Regime Patrimoniale della Famiglia

1. Nozione e fonti

Il regime patrimoniale della famiglia è l’insieme delle regole, di fonte legale o convenzionale, che disciplinano la titolarità, l’amministrazione e la destinazione dei beni dei coniugi durante il matrimonio.
Le relative disposizioni si trovano nel Titolo VI del Libro I del Codice civile (artt. 159-230 c.c.) e si completano con le norme della legge 19 maggio 1975 n. 151, che ha profondamente riformato il diritto di famiglia.

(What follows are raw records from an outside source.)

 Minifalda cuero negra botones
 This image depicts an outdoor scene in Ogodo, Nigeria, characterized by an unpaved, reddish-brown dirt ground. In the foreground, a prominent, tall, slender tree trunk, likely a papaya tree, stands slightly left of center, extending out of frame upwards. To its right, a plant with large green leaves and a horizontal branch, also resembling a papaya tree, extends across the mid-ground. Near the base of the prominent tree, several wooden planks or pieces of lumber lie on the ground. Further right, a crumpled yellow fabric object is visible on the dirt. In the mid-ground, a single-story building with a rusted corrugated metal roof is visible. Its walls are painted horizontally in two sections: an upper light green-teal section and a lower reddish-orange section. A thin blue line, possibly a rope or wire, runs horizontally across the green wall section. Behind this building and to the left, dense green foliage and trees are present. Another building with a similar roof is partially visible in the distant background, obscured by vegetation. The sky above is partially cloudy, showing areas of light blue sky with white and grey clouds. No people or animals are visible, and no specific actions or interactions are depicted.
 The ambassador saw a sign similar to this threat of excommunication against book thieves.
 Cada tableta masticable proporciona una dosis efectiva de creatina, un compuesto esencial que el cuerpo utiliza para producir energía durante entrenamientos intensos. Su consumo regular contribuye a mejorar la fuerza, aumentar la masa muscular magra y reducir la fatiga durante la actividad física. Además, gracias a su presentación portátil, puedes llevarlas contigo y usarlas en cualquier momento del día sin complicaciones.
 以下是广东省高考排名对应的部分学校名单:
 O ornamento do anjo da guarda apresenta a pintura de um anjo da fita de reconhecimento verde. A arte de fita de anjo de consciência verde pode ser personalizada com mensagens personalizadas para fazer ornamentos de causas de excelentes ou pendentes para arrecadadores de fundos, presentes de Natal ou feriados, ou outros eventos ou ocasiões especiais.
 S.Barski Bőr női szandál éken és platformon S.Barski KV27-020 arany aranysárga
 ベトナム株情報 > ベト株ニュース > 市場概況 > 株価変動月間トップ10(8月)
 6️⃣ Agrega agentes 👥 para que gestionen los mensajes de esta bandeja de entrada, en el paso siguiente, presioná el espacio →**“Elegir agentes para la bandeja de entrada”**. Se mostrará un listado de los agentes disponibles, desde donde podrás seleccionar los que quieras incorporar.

Prima della riforma del 1975, non era previsto alcun sistema di comunione automatica: vigeva di fatto un modello simile alla separazione dei beni, accanto a istituti oggi superati, come la dote.
Con la legge n. 151/1975, entrata in vigore il 20 settembre 1975, il regime legale di default è divenuto la comunione legale dei beni, sostituendo il sistema precedente.

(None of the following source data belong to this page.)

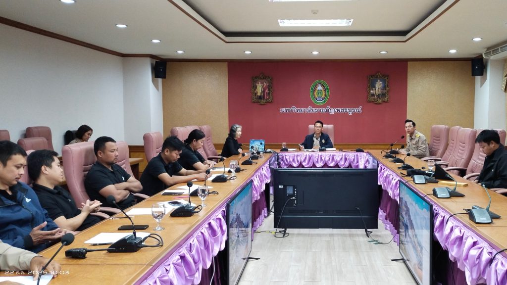 กองอาคารสถานที่ สำนักงานอธิการบดี มหาวิทยาลัยราชภัฏเพชรบูรณ์ ได้จัดประชุมคณะกรรมการบริหารงานกองอาคารสถานที่ (นัดพิเศษ) เมื่อวันจันทร์ที่ 22 ธันวาคม 2568 เวลา 09.30 น. ณ ห้องประชุมอินทผาลัม ชั้น 2 อาคารเฉลิมพระเกียรติฉลองสิริราชสมบัติครบ 60 ปี เพื่อหารือและกำหนดแนวทางการดำเนินงานด้านอาคารสถานที่ สาธารณูปโภค ยานพาหนะ ความปลอดภัย และสิ่งแวดล้อมของมหาวิทยาลัย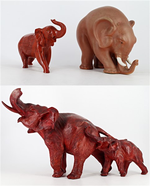 Lotto composto da tre sculture di elefanti di misure e materiali differenti (di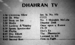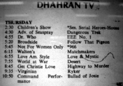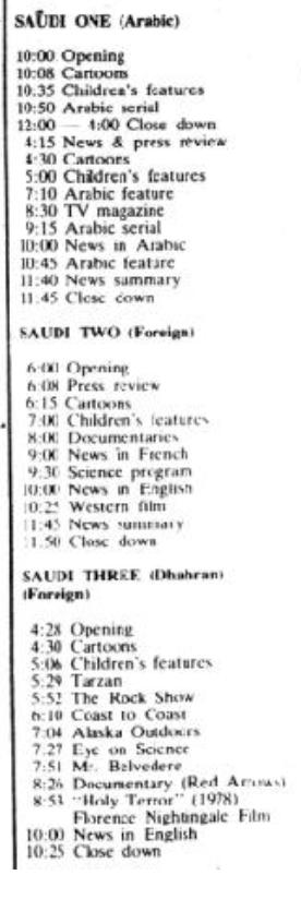 TV listings have been obtained from the Saudi newspaper Arab News (an English publication from Jeddah), and the Bahraini paper, the Gulf Mirror, which has full TV listings for most of the neighbouring Gulf countries (but no issues available prior to October 1977).
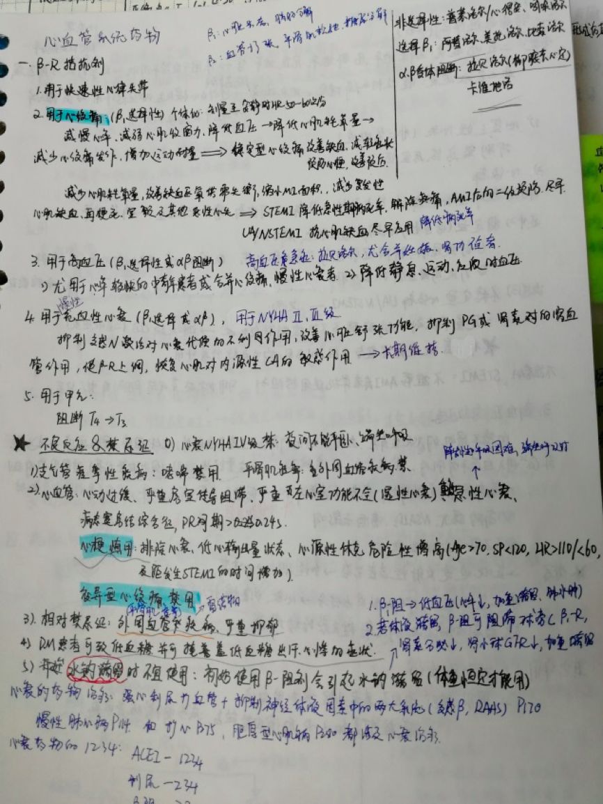 当然了,还有最普通的文字笔记,一般是用来总结的,边看书边补充。比如我把所有用到β受体阻滞剂的疾病一点点总结到一起,包括有些禁忌症这一节没提,但是其他疾病提了,或者题目中出现的禁忌症,都放在一起记忆。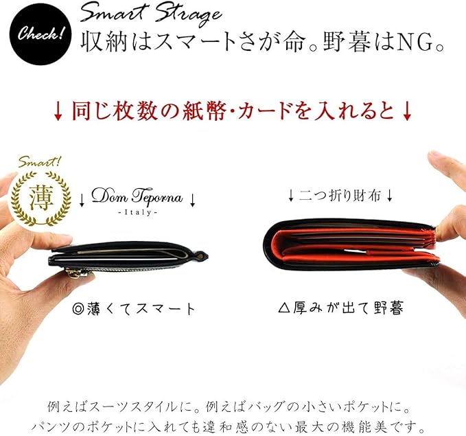 [スペック] ・お札入れ 1 ・小銭入れ 1 ・カードポケット 6 [推奨収納] ・一万円札 10-15枚 ・カード 6-8枚 ・コイン 15-20枚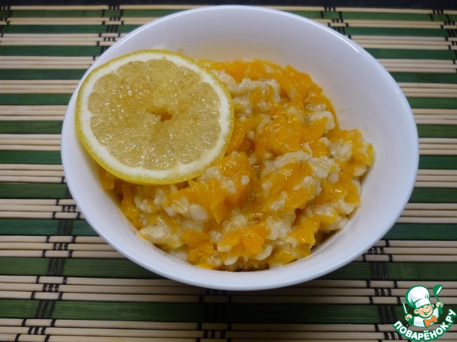 Дольку лимона обмакнуть с двух сторон в сахаре, и выложить на кашу.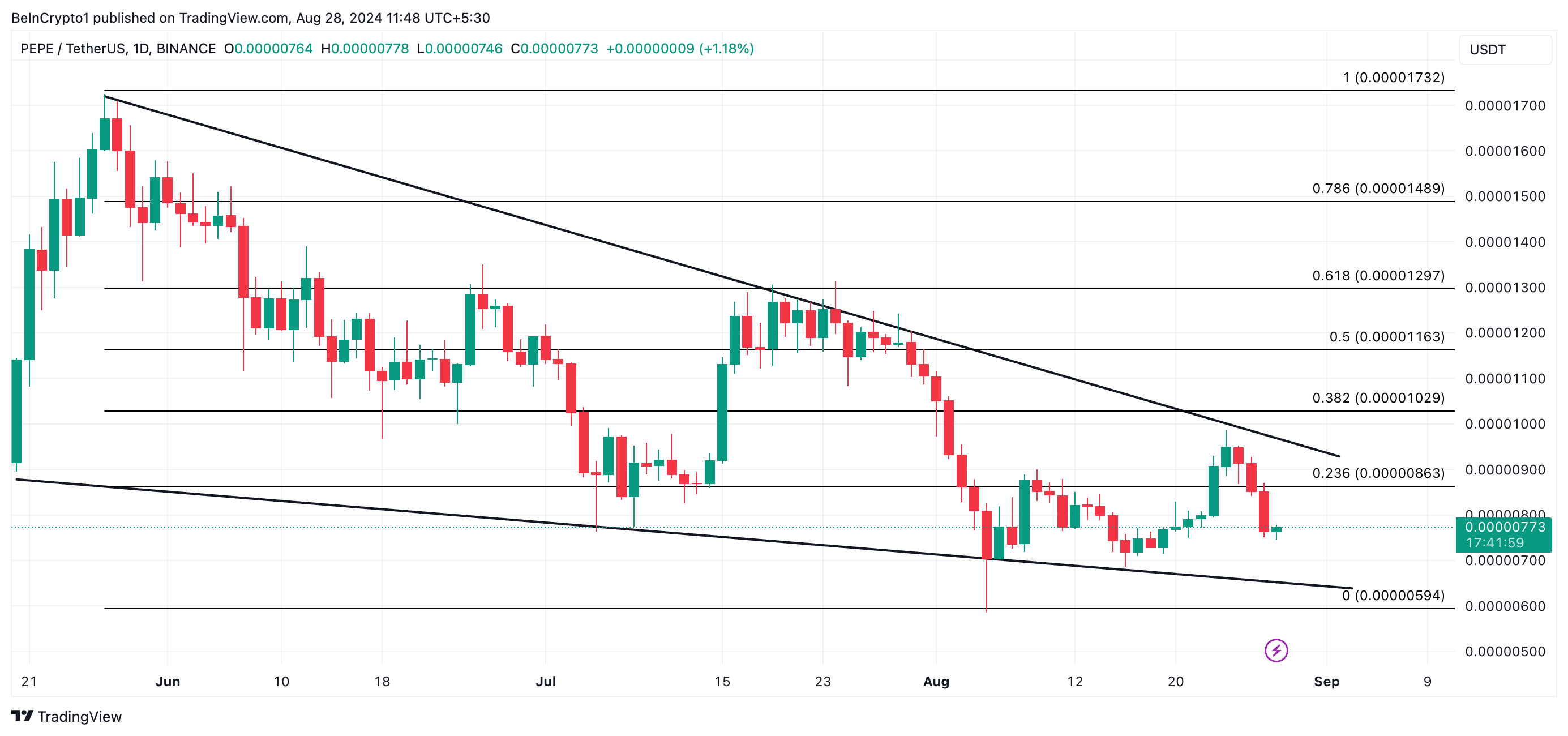 PEPE kan echter een uitzondering vormen. Sinds 25 augustus bevindt de koers van de meme coin zich in een neerwaartse trend, met een daling van 15%, waardoor het dichter bij de onderste lijn van de dalende wig komt.

L’introduzione della comunione legale come regime patrimoniale principale aveva l’obiettivo di garantire una più effettiva tutela del coniuge economicamente più debole, assicurando una partecipazione paritaria ai beni acquisiti durante il matrimonio.

2. Regime transitorio per i matrimoni anteriori al 1975

La legge del 1975 ha disciplinato il passaggio al nuovo sistema prevedendo che:

“Le famiglie già costituite alla data di entrata in vigore della presente legge (20 settembre 1975), decorso il termine di due anni (prorogato poi fino al 15 gennaio 1978) dalla detta data, sono assoggettate al regime della comunione legale per i beni acquistati successivamente, a meno che entro lo stesso termine uno dei coniugi non manifesti volontà contraria con atto ricevuto da notaio o dall’ufficiale dello stato civile del luogo in cui fu celebrato il matrimonio.”

Pertanto:

  • dal 20 settembre 1975 decorre l’applicazione della comunione legale;
  • entro il 15 gennaio 1978 era possibile dichiarare l’intenzione di mantenere il precedente regime di separazione.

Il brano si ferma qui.